18 December 2018
FAO, NASA Announce Satellite Platform to Track, Monitor Land Use
Photo by IISD/ENB | Kiara Worth
story highlights

The ‘Collect Earth Online’ portal provides users with access to high-resolution satellite imagery from multiple sources in addition to leveraging four decades of historic satellite images and photo mosaics from NASA and EU satellite networks.

FAO and NASA expect users will develop innovative uses for the tool, such as to measure links between biomass and poverty.

12 December 2018: The Food and Agriculture Organization of the UN (FAO) and the US National Aeronautics and Space Administration (NASA) announced the launch of an online portal that will allow users to observe any location on the planet with satellite data. By 2019, the system is expected to offer features to support disaster management and forest and glacial monitoring, among other applications.

The free web-based portal, known as ‘Collect Earth Online,’ allows users to collect up-to-date data on the environment and its changes in a more efficient and participatory manner. The geospatial tool provides users with access to high-resolution satellite imagery from multiple sources in addition to leveraging four decades of historic satellite images and photo mosaics from NASA and EU satellite networks. These data aim to make it easier for users to collect samples, conduct surveys and use crowdsourcing techniques. FAO and NASA expect users will develop innovative uses for the tool, such as to measure links between biomass and poverty.

The Collect Earth Online portal will help countries around the world to better map and monitor their forests.

In early 2019, the Collect Earth Online portal will be integrated in FAO’s cloud-based platform, the System for Earth Observation Data Access, Processing and Analysis for Land Monitoring (SEPAL), which is anticipated to make it easier to link reference data to processing chains to generate accurate, transparent maps, data and statistics on forests and other land uses. In addition, the Collect Earth Online system will integrate TimeSync, a Landsat time series visualization tool created by the US Forest Service (USFS) and Oregon State University.
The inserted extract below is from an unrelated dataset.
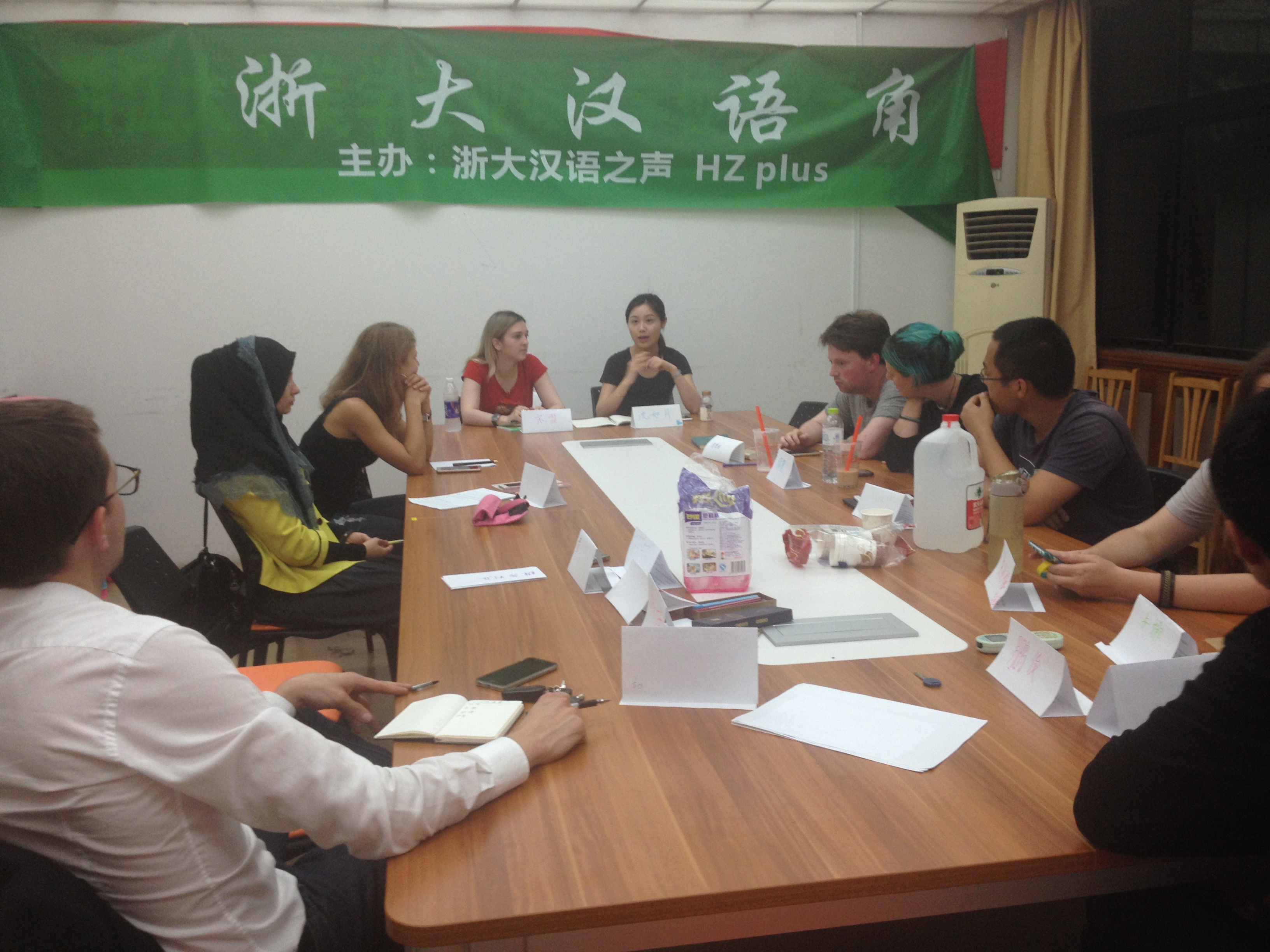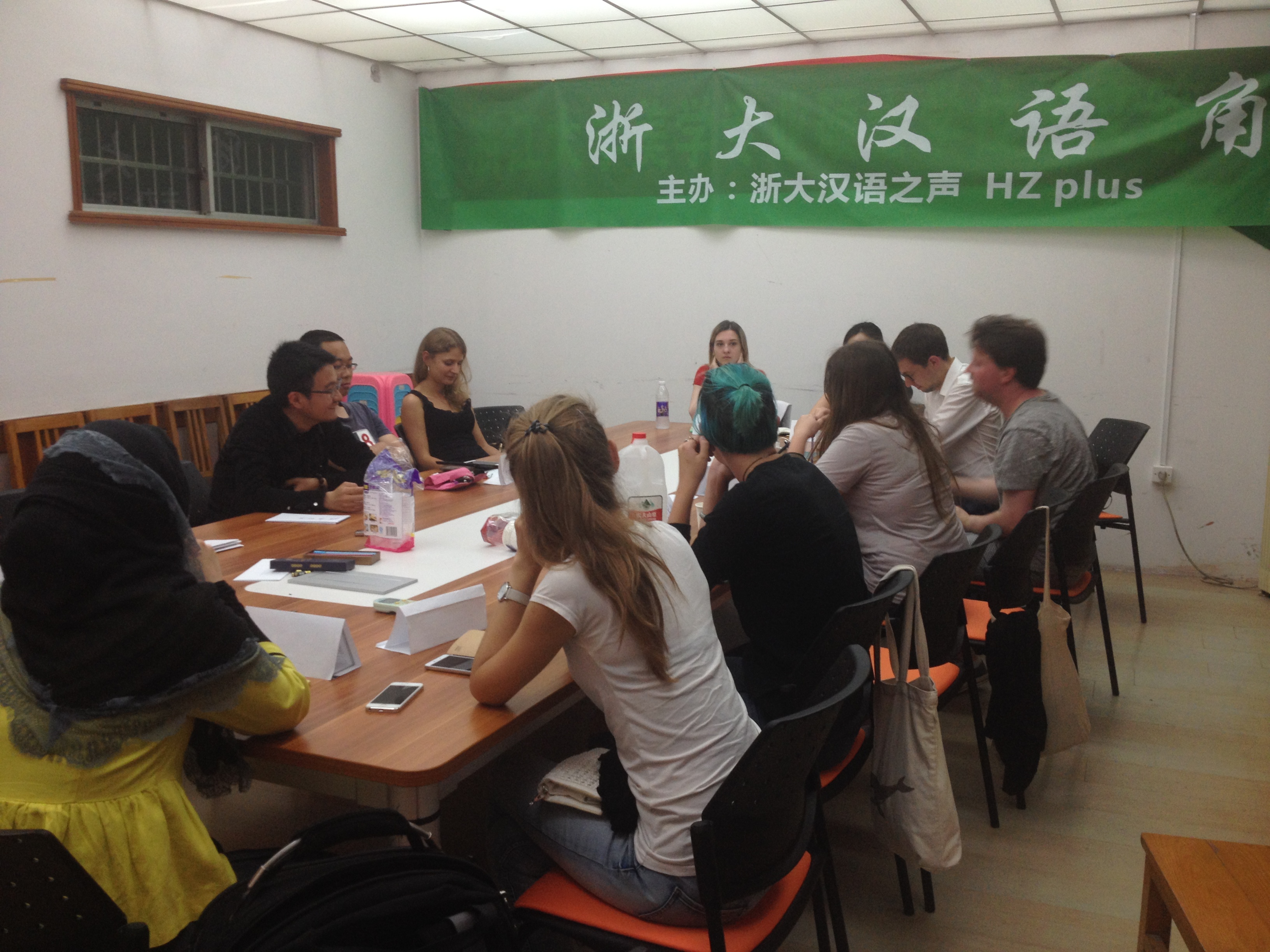 5月25日晚7点,汉语角高级版如期在主教511举行。这次我们讨论的话题是G20与杭州国际化。话题从第一个问题“你们对G20有哪些了解?”开始。本期主持人是15级汉硕沈如月和俄罗斯留学生宋雪。

According to FAO, the system’s open-source, cloud-based nature will both broaden access, and safeguard against data loss.

NASA’s Global Program Manager for SERVIR, Dan Irwin, said Collect Earth Online “changes how we collect data about the Earth” and will “help countries around the world to better map and monitor their forests.” FAO’s Forestry Division’s Policy and Resources Head, Mette Wilki, said the new portal allows users to explore the environment “using local experts that know the landscape and the underlying ecology.” Wilki stressed the importance of such accessibility “at a time when environmental challenges are taking on urgent and unprecedented importance.”

FAO will use Collect Earth Online to support the FAO global Remote Sensing Survey. [Collect Earth Online] [UN News Story] [FAO News Article]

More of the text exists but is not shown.